There were two options at the sandboarding, stand-up or lay down. I chose the stand-up version. After three runs down the dune (and the long walk back up the 80 metre dune) I started to slowly get the idea. At this point we were given the opportunity to give the lay down style a go. Apparently we didn't need the gloves or knee guards that the others had, or the 4 warm up runs down the easy part of the dune. Instead those of us that had chosen the stand up option went straight into the fastest lay down run of the day. This time the 80 metres was almost vertical, reaching speeds of 72 kph!! The only advice that I remembered was hold the board up, and that you could use your toes as brakes. Thankfully there were no major incidents.

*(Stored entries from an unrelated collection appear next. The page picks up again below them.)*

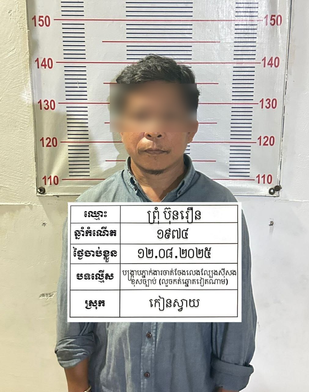 កណ្ដាល៖ បុរសម្នាក់ត្រូវបានកម្លាំងនគរបាលស្រុកកៀនស្វាយឃាត់ខ្លួន ខណៈកំពុងធ្វើសកម្មភាពកត់ឆ្នោតវៀតណាមខុសច្បាប់នៅក្រោយផ្ទះរបស់ខ្លួន កាលពីថ្ងៃទី១២ សីហា ២០២៥ វេលាម៉ោង ១៦:៣០នាទីរសៀល នៅភូមិគគីរធំ ឃុំគគីរធំ ស្រុកកៀនស្វាយ។
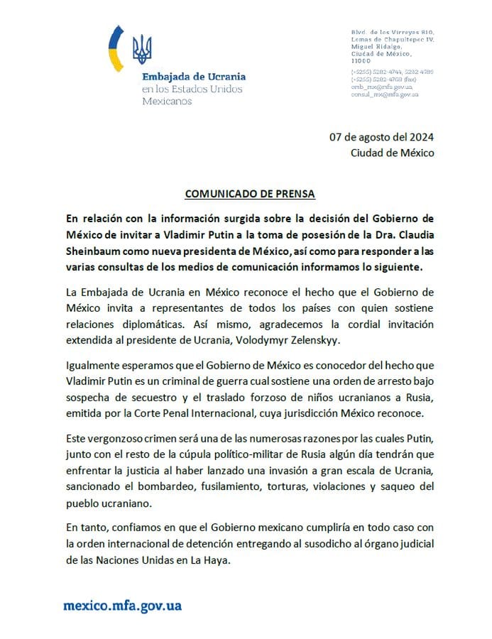 La Embajada ucraniana señaló que confía en que el Gobierno mexicano "cumplirá en todo caso con la orden internacional de detención entregando al susodicho al órgano judicial de las Naciones Unidas en la Haya".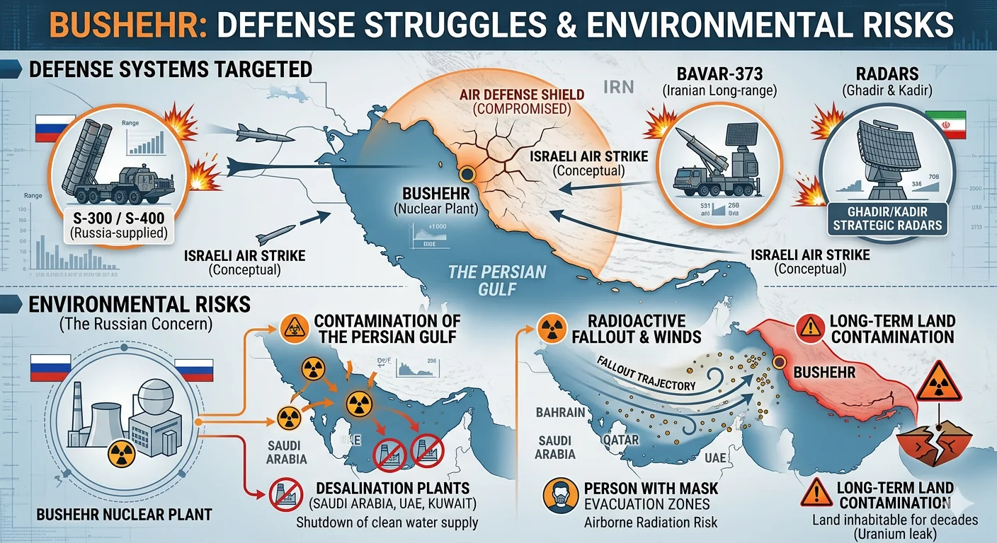 על בסיס האירועים האחרונים בבושהר, להלן פירוט מערכות ההגנה שהיו במוקד והסיכונים הסביבתיים שרוסיה חוששת מהם: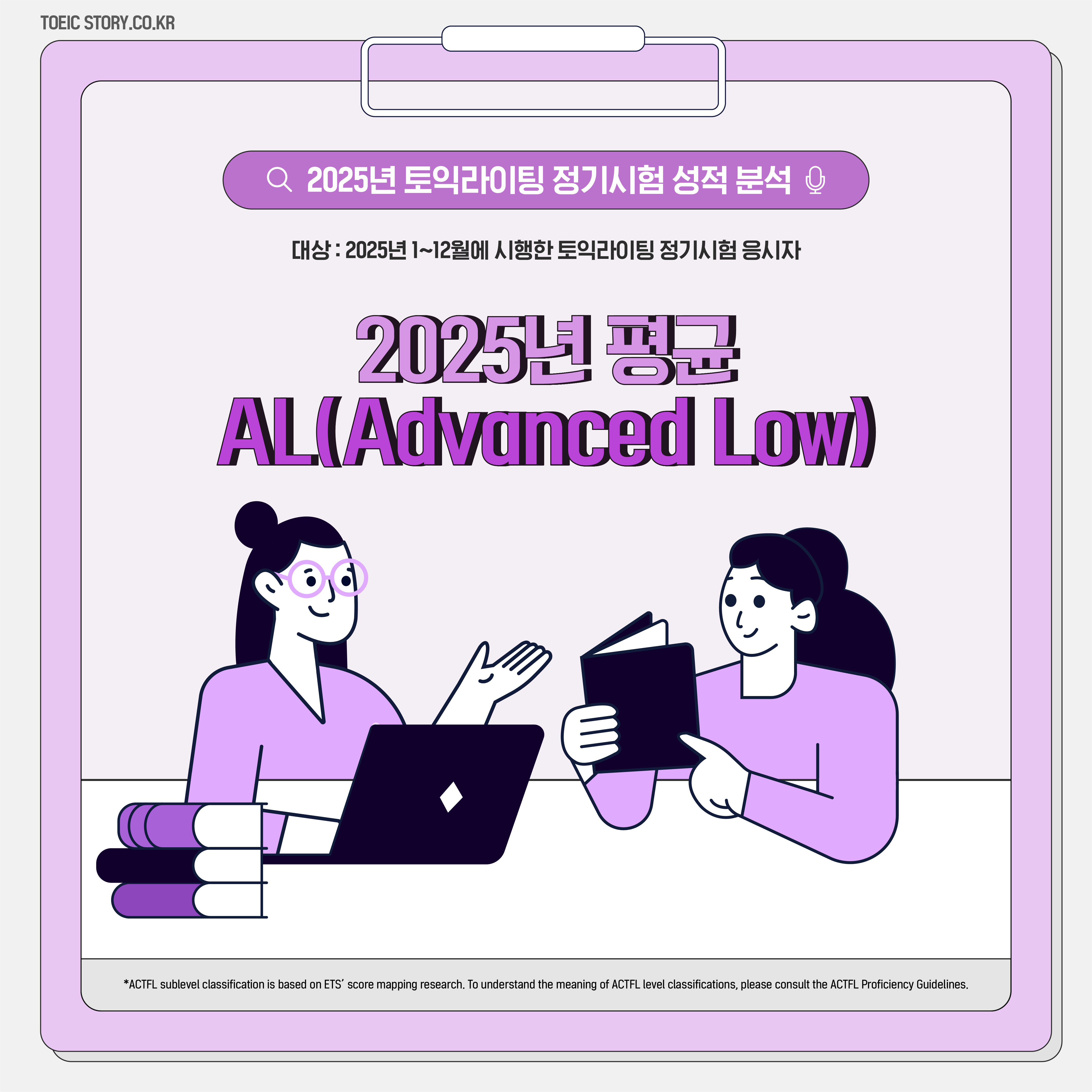 2025년 토익라이팅 정기시험에 응시한 수험자들의 평균 등급은 ‘AL(Advanced Low)’로 집계됐습니다. AL 등급은 간단한 정보를 제공하거나 질문·지시·요청을 할 때 명확하고 일관성 있게 글을 작성할 수 있는 수준을 의미합니다.

All in all, a fantastic experience. Unfortunately we're still waiting for the DVD footage of our boarding to come.......... so these photos are courtesy of Dan.

Quadbiking


The afternoon activity was Quad Biking on the dunes. Again the scenery was incredible. There were a couple varieties of bikes, from Automatic (but less powerful), Semi-Automatic (you had to change gears, but you didn't have to worry about a clutch), and Manual (which were apparently the fastest). Most of us went for the semi-automatic, which was a good choice.

As the dunes are a protected area, there are only certain parts that we were able to drive on. Basically we were split off into groups of about 6, and it was follow the leader. The only exception to this was Johannes, who can only be described as a crazy man behind the wheel!

We weaved our way up & down & around the dunes, and eventually made it to "the lookout" which was a point high on the dunes but close to the coast. To see the sand dunes plunge straight into the ocean was a fantastic memory.

The final memory I had to take away from the quadbiking experience was my melted trekking pants! It seemed that my right leg was resting against a hot part of the engine, which i hadn't noticed during the noisy & bumpy ride. I was glad that they had lasted the majority of our African adventure, as we were on the home stretch now.